Multiple Border Patrol agents were hit by the rocks, the agency claims. Now you’re wondering, “How common is this? Did the BP use weapons like tear gas on immigrants before Trump was sworn in?” Actually, you’re probably not wondering that; of course they did. But Schatz might be wondering. Via Jeryl Bier, the numbers from a story published in 2014:

The Republic analyzed nearly 1,600 CBP use-of-force reports nationwide from 2010 to mid-2012, obtained through Freedom of Information Act requests. These reports, the most recent CBP has disclosed, showed the vast majority of the time agents responded to rockings with less-lethal weapons and easily dispersed rock throwers without injury to the agents, rock throwers or bystanders in the crowded areas on both sides of the border.

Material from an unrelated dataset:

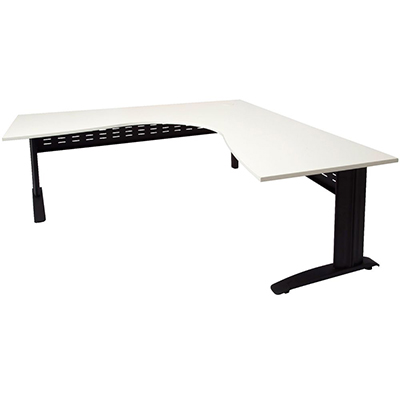 The Rapid Span Corner Desk features a 25mm melamine top with cable entries, metal legs and perforated modesty panel
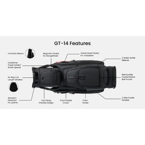 Top: 14-Way & Velvet Wrapped Dividers with full-length, fully enclosed sections, a large putter well for even the fattest grips, and 3 grab handles for easy loading and unloading.

Agents have several less-lethal long-range alternatives. The pepper-ball launching system, essentially a modified paintball gun, can fire more than 10 balls per second filled with pepper spray, letting agents saturate an area up to 60 feet away with irritating vapors. The longer-range FN-303, a rifle-style weapon, uses compressed air to shoot “kinetic impact” projectiles, similar to rubber bullets, which are meant to incapacitate people without killing them. The sting-ball grenade is a hand-thrown grenade that sets off a flash and a loud bang, exploding several hundred small rubber balls, quickly clearing an area.

Obama was responsible for a lot of “chemical weapons attacks,” apparently, now all conveniently forgotten. But we’re used to this by now: Trump’s policy of holding immigrant children in “cages” was an atrocity until liberals were reminded that the same type of enclosures were used to detain unaccompanied immigrant minors during Obama’s presidency. “What was acceptable five minutes ago is intolerable today” is a precept found all over American policy debates, not just immigration. It’s the governing principle of arguments over spending levels, for instance. If you think it’s stark in this case, wait until Trump inadvertently drones an American citizen abroad. Imagine Schatz’s surprise when he learns that that’s sadly not unprecedented either.

Although he didn’t say so on Twitter, Schatz does have a solution to yesterday’s problem. Simply let them all in, just as hundreds of Americans protesting at the border yesterday insisted. Trump can scarcely get through a sentence without ridiculous hyperbole of some kind, but when he calls Democrats a party that believes in open borders he’s not exaggerating, especially vis-a-vis progressives like Schatz. Serious question: Would Schatz have expressed such indignation if American citizens protesting something somewhere inside the U.S. had been tear-gassed by local police? It’s been known to happen, yet his outrage seems magnified when it’s not his fellow citizens who are being targeted. A lot of Trump’s, and nationalism’s, appeal to righties lies in that strange double standard. Schatz is a perfect specimen of his ideological strain, so theatrically “serious” about solving a problem that he ends up unserious to everyone but those who already agree with him.

One last point:

If tear gas and other crowd-control measures are no-go for Schatz whenever migrants use small children to try to force their way past a border checkpoint, what incentives does that create? Assuming hypothetically that we elect a Democrat in 2020 who decides there should be some limit to the number of migrants the U.S. accepts, what enforcement measures to deter brute-force attempts to enter the country will be acceptable and not war crimes?

Update: Brandon Darby notes this report:

A group of about 100 people trying to illegally cross the border Sunday near the San Ysidro port of entry threw rocks and bottles at U.S. Border Patrol agents, who responded by using pepper spray and other means to force the crowd back into Mexico, federal officials said…

Immigrant-rights groups in San Diego said they didn’t know beforehand about the plan to rush the border, and they worry that desperation is driving homeless deportees to make a bold bid to rejoin their families in the United States.

That’s not from yesterday. It’s from November 25, 2013, five years to the day.